Consult notes carry higher stakes for communication. They are read by clinicians who may not attend the evaluation in person. That means the reason for consult, relevant cardiac history, exam findings, data reviewed (EKG, troponin, echo, prior records), assessment, and numbered recommendations must be easy to find — usually in the first screen of the note.
This guide focuses on outpatient and inpatient cardiology consult documentation — distinct from our cardiac SOAP note examples for symptom-based visits and our EHR integration workflow for ongoing practice documentation.
Standard Structure of a Cardiology Consult Note
| Section | Purpose |
|---|---|
| Reason for consult | The referring question in one line — e.g., "Evaluate new murmur" or "Risk stratify chest pain." |
| History of present illness | Symptom timeline, triggers, associated features, ED/hospital course if applicable. |
| Cardiac history | Prior MI, CABG, PCI, valve disease, arrhythmias, heart failure, devices. |
| Cardiovascular risk factors | HTN, DM, lipids, smoking, family history, CKD. |
| Medications & allergies | Especially anticoagulants, antiplatelets, rate/rhythm drugs, diuretics. |
| Review of systems | Focused cardiac and relevant systemic symptoms. |
| Physical exam | Vitals, JVP, heart sounds, murmurs, lungs, edema, pulses. |
| Data reviewed | EKG/ECG, labs, imaging, prior cardiology records — with dates. |
| Assessment | Working diagnosis, differential, acuity, reasoning. |
| Recommendations | Numbered, actionable items for the referring team and patient. |
What Makes a Consult Note Useful
The best consult notes lead with the answer. Busy hospitalists skim. Put the clinical bottom line in the Assessment and make Recommendations numbered and specific: "1. Start aspirin 81 mg daily. 2. Obtain transthoracic echo within 24 hours. 3. Cardiology clinic follow-up in 2 weeks." Avoid vague language like "consider cardiology follow-up" without timing or interim management.

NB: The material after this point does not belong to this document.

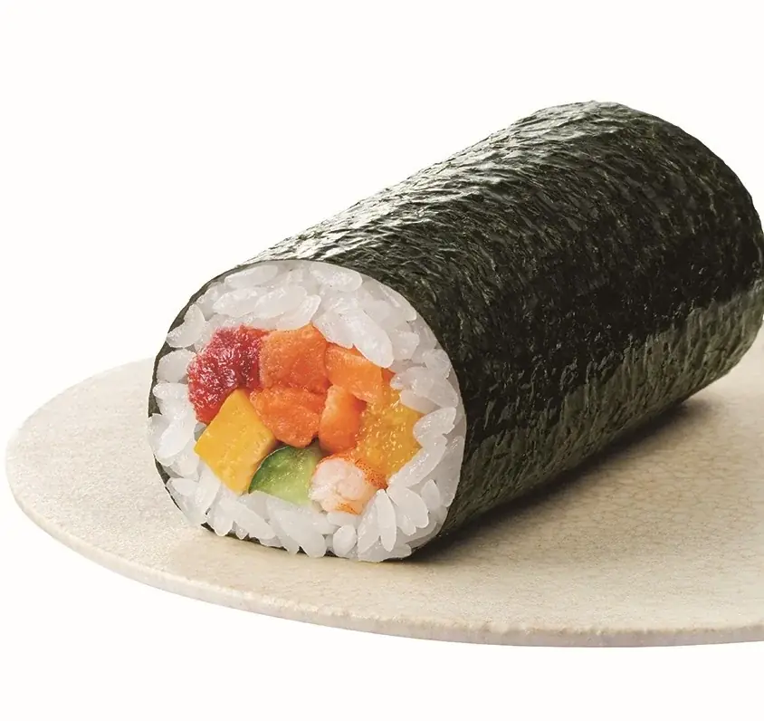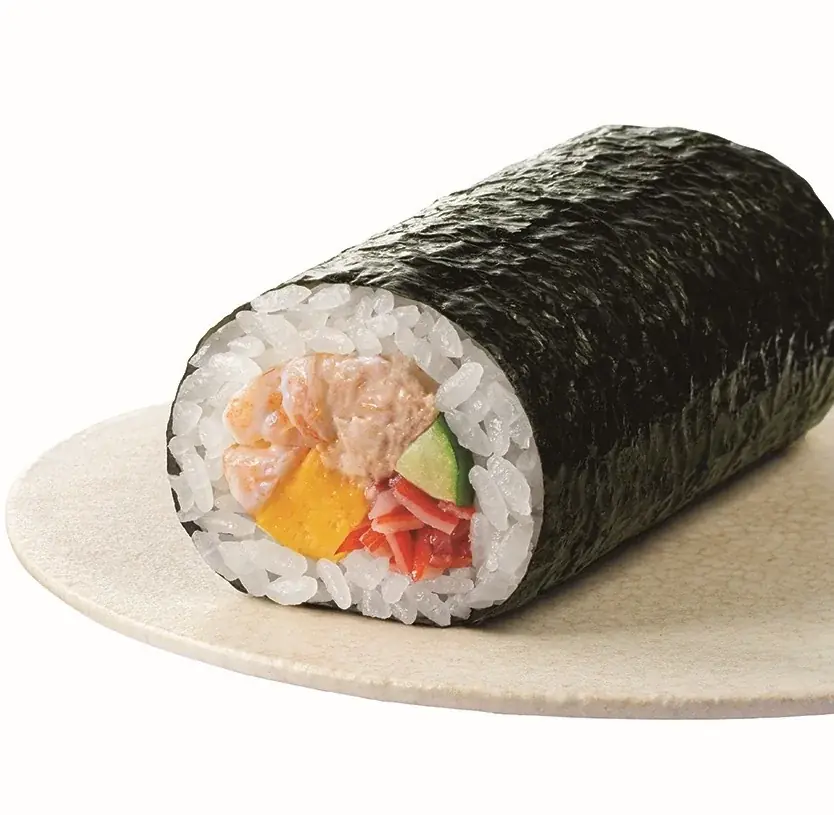 | 海鮮恵方巻 | 556円 / 600円 | 全国 | 長さ9cm×直径4.7cm | 漬けサーモン、まぐろたたき身(本まぐろ6%含む)、海老、玉子焼、きゅうり、数の子 |

- State what records and studies you personally reviewed.
- Distinguish stable vs. unstable presentations explicitly.
- Include return precautions and who to call for worsening symptoms.
- Document shared decision-making for anticoagulation or invasive strategy when relevant.
- Send a concise consult letter to the referrer when your EHR workflow supports it.
Example: Cardiology Consult for New-Onset Chest Pain
Cardiology Consult — Chest Pain Evaluation
- Reason for Consult
- Evaluate substernal chest pain and abnormal ECG in hospitalized patient.
- History & Exam
- 62-year-old with HTN and type 2 DM reports 2 days of substernal pressure at rest, now improved. Denies current pain. No syncope. Exam: BP 138/82, HR 76, regular rhythm, no murmur, lungs clear, no edema.
- Data Reviewed
- ECG: sinus rhythm, nonspecific ST-T changes, no acute ST elevation. Troponin peaked at 0.08 ng/mL, downtrending. Prior lipid panel: LDL 142. No prior cath.
- Assessment
- NSTEMI, clinically stabilized. Intermediate-risk features warrant ischemic evaluation and secondary prevention.
- Recommendations
- 1. Continue dual antiplatelet therapy per ACS protocol. 2. Initiate high-intensity statin. 3. Optimize BP and glycemic management. 4. Transthoracic echo. 5. Plan for coronary angiography if no contraindication. 6. Cardiology follow-up on discharge. 7. ED precautions for recurrent chest pain, dyspnea, or syncope.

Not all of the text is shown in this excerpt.